▶ **PROBLEM**
Look below for the line containing "Då byggnadens planform" and the line containing "पद का.स. सेवा", then set down both and every line between them exactly, without pictures.

▶ **MATERIAL TO PROCESS**

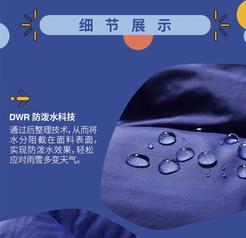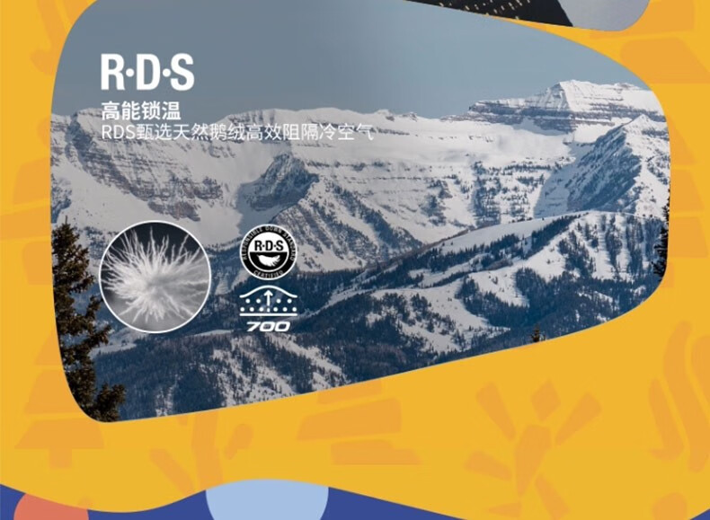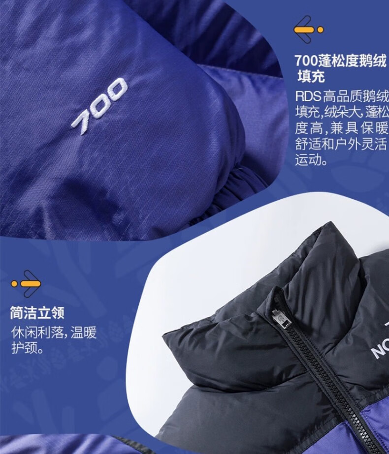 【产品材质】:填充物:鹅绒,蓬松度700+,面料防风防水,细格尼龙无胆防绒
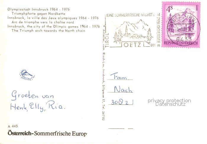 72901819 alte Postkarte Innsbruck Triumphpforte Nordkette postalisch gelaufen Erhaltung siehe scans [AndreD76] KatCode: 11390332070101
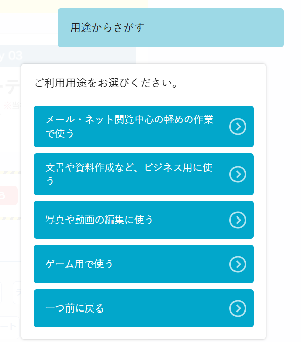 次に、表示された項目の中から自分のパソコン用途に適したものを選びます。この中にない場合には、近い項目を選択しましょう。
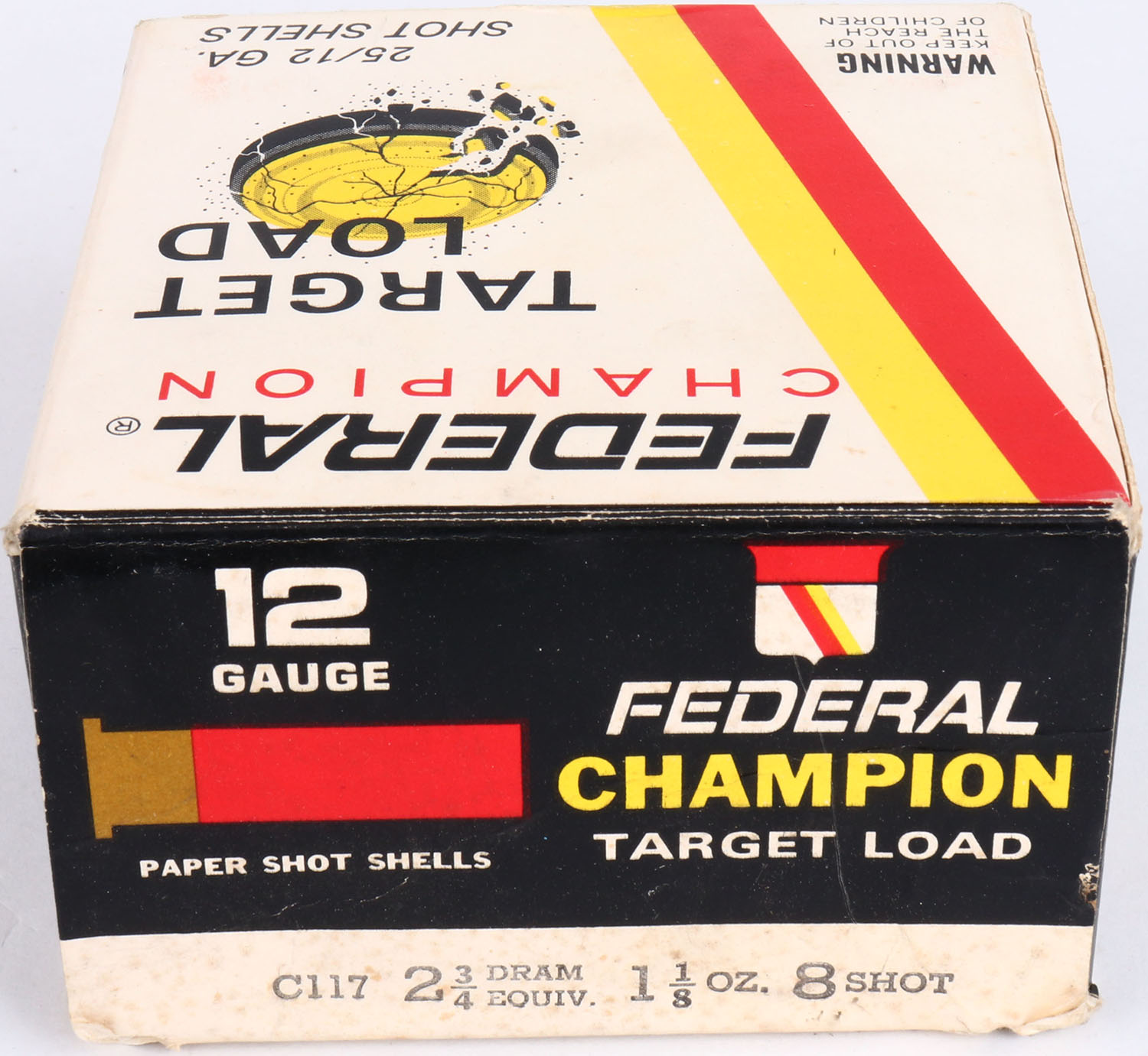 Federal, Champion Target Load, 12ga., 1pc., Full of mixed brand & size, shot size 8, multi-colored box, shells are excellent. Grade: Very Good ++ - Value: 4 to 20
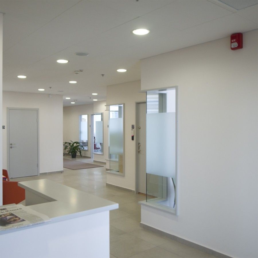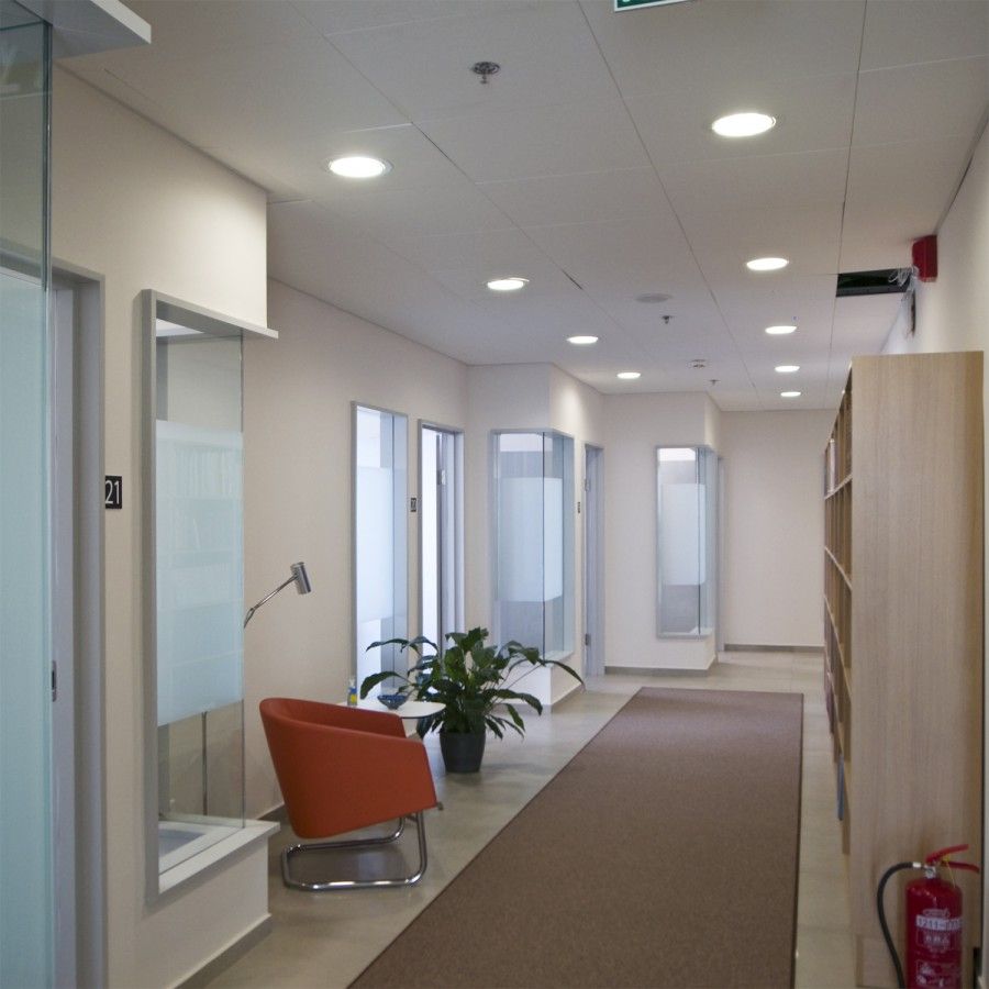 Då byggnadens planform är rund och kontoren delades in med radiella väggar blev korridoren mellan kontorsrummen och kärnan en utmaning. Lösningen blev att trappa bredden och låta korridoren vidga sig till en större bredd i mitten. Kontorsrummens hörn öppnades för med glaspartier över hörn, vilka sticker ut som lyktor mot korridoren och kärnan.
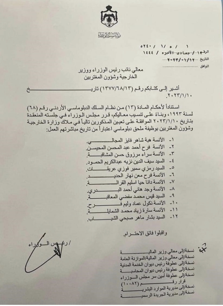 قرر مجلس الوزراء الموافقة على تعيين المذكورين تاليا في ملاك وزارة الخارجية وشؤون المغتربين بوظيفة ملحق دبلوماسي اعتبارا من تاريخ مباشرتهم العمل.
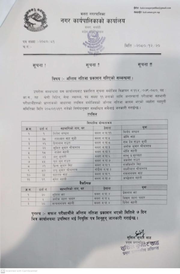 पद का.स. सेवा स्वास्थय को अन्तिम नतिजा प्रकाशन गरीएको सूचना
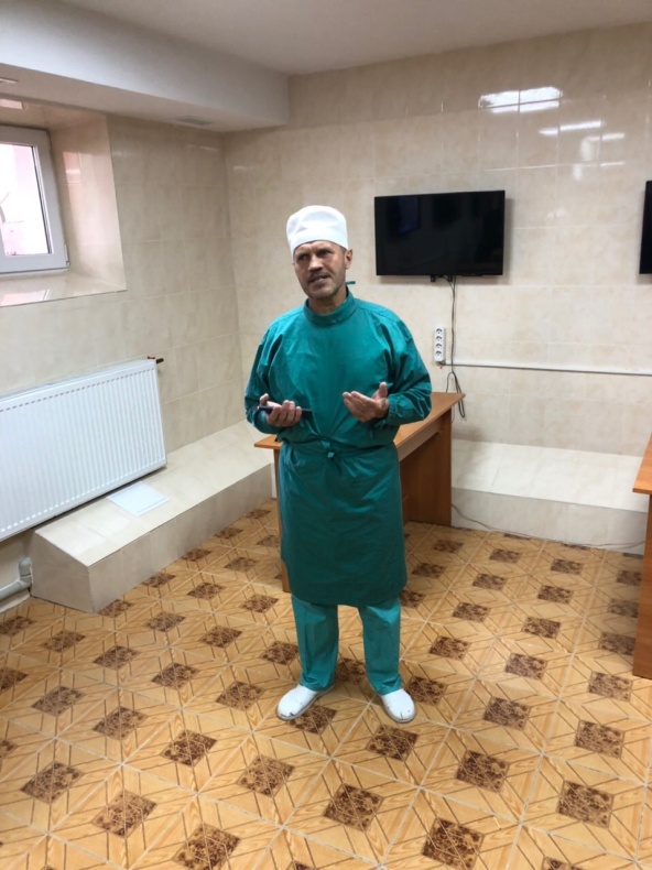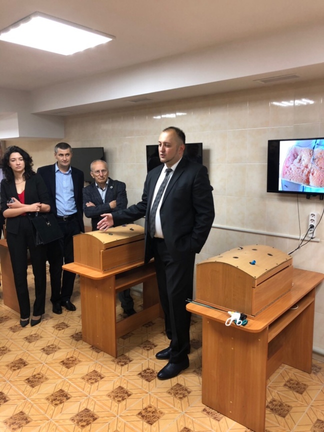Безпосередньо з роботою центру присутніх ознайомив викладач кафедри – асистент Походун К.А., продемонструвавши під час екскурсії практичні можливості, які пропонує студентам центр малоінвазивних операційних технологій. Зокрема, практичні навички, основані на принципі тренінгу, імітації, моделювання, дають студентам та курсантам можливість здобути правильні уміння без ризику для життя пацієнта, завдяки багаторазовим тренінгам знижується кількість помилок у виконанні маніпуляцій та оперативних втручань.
--
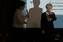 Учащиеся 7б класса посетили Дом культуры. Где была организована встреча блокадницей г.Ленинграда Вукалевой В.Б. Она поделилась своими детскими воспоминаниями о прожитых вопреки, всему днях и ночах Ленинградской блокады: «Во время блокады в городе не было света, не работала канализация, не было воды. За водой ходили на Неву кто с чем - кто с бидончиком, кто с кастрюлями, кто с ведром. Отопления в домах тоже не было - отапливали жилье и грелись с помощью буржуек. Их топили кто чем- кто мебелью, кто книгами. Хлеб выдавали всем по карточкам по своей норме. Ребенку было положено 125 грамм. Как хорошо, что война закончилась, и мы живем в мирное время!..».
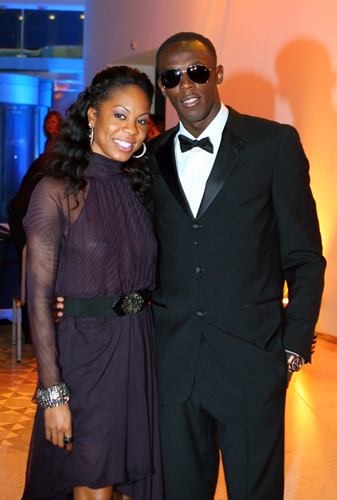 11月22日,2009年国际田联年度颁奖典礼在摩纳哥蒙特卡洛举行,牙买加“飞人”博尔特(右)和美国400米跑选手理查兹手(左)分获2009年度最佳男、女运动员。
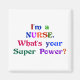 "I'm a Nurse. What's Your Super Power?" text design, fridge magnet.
...
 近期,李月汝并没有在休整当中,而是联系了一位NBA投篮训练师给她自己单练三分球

▶ **EXERCISE ANSWER**
 Då byggnadens planform är rund och kontoren delades in med radiella väggar blev korridoren mellan kontorsrummen och kärnan en utmaning. Lösningen blev att trappa bredden och låta korridoren vidga sig till en större bredd i mitten. Kontorsrummens hörn öppnades för med glaspartier över hörn, vilka sticker ut som lyktor mot korridoren och kärnan.
 قرر مجلس الوزراء الموافقة على تعيين المذكورين تاليا في ملاك وزارة الخارجية وشؤون المغتربين بوظيفة ملحق دبلوماسي اعتبارا من تاريخ مباشرتهم العمل.
 पद का.स. सेवा स्वास्थय को अन्तिम नतिजा प्रकाशन गरीएको सूचना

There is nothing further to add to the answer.